As mentioned before you will always find a rather high variance in
your images with path tracing. Even though the result will eventually
converge to the correct distribution of photons/energy in your scene,
the time required might be enormous. You can find a nice comparison of
methods on the following webpage:
http://www.dgp.toronto.edu/~jacky/raytracer.php -- look at the images
which only contain indirect illumination.
However, there are a couple of techniques that reduce the variance
while taking indirect illumination into account. The basic idea is
that you don't shoot & construct your rays with a purely random
distribution but you try to restrict yourself to those that should
yield a significant contribution to your final image.

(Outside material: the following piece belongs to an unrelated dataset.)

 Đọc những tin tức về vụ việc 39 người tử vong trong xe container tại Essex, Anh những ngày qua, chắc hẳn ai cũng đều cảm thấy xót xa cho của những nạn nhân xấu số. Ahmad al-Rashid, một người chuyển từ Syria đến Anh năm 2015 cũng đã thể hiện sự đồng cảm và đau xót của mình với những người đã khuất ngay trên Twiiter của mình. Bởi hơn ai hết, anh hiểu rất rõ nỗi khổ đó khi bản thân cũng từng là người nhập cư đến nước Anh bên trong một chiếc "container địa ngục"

One way is the Metropolis-Light-Transport approach which was already
mentioned before, or another way is for example bi-directional path
tracing. In this approach you will construct paths of photons from the
light source (forward tracing) and from the eye (backward tracing).

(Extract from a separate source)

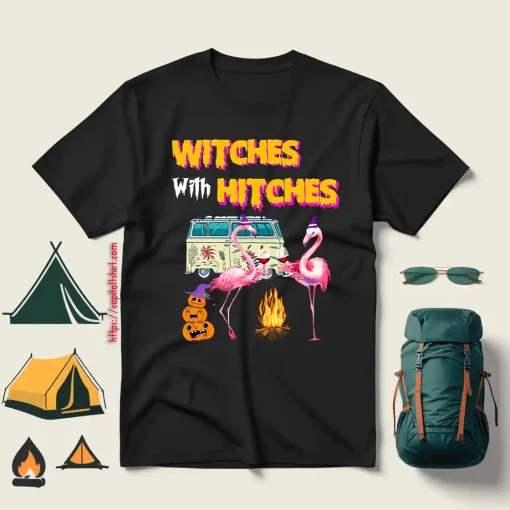 Flamingo Camping Witches With Hitches for Halloween Shirt

Finally one tries to connect them in a clever way and in the end you
should have a reconstruction of photon paths that will start at the
light source and end at the position of the camera.
Other solutions basically split the transport equation into two parts,
the direct and the indirect contribution. Using a number of state-of-
the-art global illumination techniques, like final gathering, photon
mapping, irradiance caching etc., the indirect illumination is
calculated for the scenery and merged with the results obtained from
traditional backward ray tracing that should yield the direct
contribution.
Also, it's better to use a cosine _sampling_ for the rays, i.e. while
true { get a ray on the halfsphere; return it if its dot with the
normal is greater than randf (0..1) }
Ah, OK, thanks - that's a useful hint.
Pure random sampling of the direction might yield more variance, so
you should consider cosine weighted sampling as suggested by one of
the previous posters. However, I'd suggest also other methods than a
rejection loop as it's not the most efficient way to obtain a cosine
weighted distribution on a hemisphere.
One way would be to calculate the two angles theta [0, pi/2] and phi
[0, 2pi] the following way:
r1 and r2 = two uniformly distributed random numbers [0,1)
Phi = 2 * pi * r1
Theta = 1/2 * acos( 1 - 2 * r2)
Another approach is Malley's method: you basically calculate a uniform
distribution of points on a 2D disk and then generate directions by
projecting them up to the hemisphere above them.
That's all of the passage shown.